Personal information
- Full name: Joseph Ganapathiplackal Abraham
- Nationality: Indian
- Born: 11 September 1981 (age 44) Kottayam, Kerala, India

Sport
- Country: India
- Sport: Running
- Events: 400 metre hurdles, 400 metres
- Club: Indian Railways
- Retired: yes

Medal record
Men's athletics
Representing India
Asian Games
| Gold medal – first place | 2010 Guangzhou | 400 m hurdles |
| Silver medal – second place | 2006 Doha | 4×400 m |
Asian Championships
| Silver medal – second place | 2009 Guangzhou | 400 m hurdles |
| Bronze medal – third place | 2007 Amman | 400 m hurdles |
| Bronze medal – third place | 2007 Amman | 4×400 m |

= Joseph Abraham =

Indian hurdler

Joseph Abraham (born 11 September 1981) is an Indian track and field athlete from Kerala. He holds the current 400 metre hurdles State record of 49.51 seconds set during the 2007 World Championships in Athletics in Osaka on 26 August 2007. At Osaka, Abraham became the first Indian male athlete to clear the opening round of an event in the World Athletics Championships when he reached the 400m hurdles semifinals. He also won the 400m hurdles gold medal at 2010 Guangzhou Asian Games.

==Athletic career==
Born in Kottayam district of Kerala, Abraham made a steady progress in intermediate hurdles. His first sub-52 came in 2003 and in the following year he clocked a time of 51.98 seconds. His best time in 2005 was 50.87 seconds. His first national record came at the 2006 National inter-State athletics championship in Chennai. He broke the national record of 50.39 seconds held by Patlavath Shankar with a time of 50.22 seconds. On 12 May 2007 at the 13th Federation Cup Athletics Championship in Kolkata, he broke his own 400m hurdles record 50.04 seconds to win the gold. Joseph's first sub-50 performance came in the Guwahati Asian Grand Prix circuit athletics in June 2007. He won the silver by setting the new national record of 49.52 seconds while coming second behind Chinese Meng Yan.

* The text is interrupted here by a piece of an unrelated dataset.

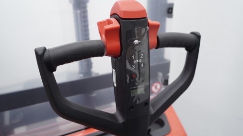 Apilador de elevación y traslación eléctrica para manipulación de cargas de 1.200 Kg en espacios medianos / pequeños. Batería de 24 V. con una autonomía de 3 Horas en continuo. Timón de dirección con muelle de retorno. Cargador incorporado con indicador del estado de las baterías. Rejilla de seguridad. Claxon. Seta de emergencia. Marcado CE.
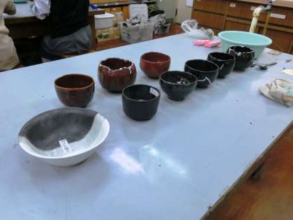 出来上がった作品は、これから数週間をかけて乾燥し、上薬をかけて本焼きをします。完成までには少し時間がかかりますが、完成品を手にできる日を楽しみに待ちましょう。2年生には和菓子作り体験も実施します。完成した自分の茶器で、自分の作ったお菓子と共にお抹茶をいただければ素晴らしいですね。保護者や地域の皆様にも披露できればと思います。

In June 2009, Abraham achieved the qualifying norm of 49.80 seconds for the Berlin World Championships, at the Indian Grand Prix meet in Chennai by clocking 49.59 seconds. Later in the same year, he won a silver medal in 400m hurdles (with a time of 49.96 seconds) at the 2009 Asian Championships in Athletics held at Guangzhou, China.

On 25 November 2010, Abraham became the first Indian to win individual gold medal at 400m hurdles at any Asian Games. He won the gold medal at 2010 Guangzhou Asian Games clocking a time of 49.96 seconds.
- 400m sprint
Abraham also competes in the 400m sprint. His personal best for the 400 metres is 46.70 seconds set at the 2006 Open National Athletics Championships in New Delhi.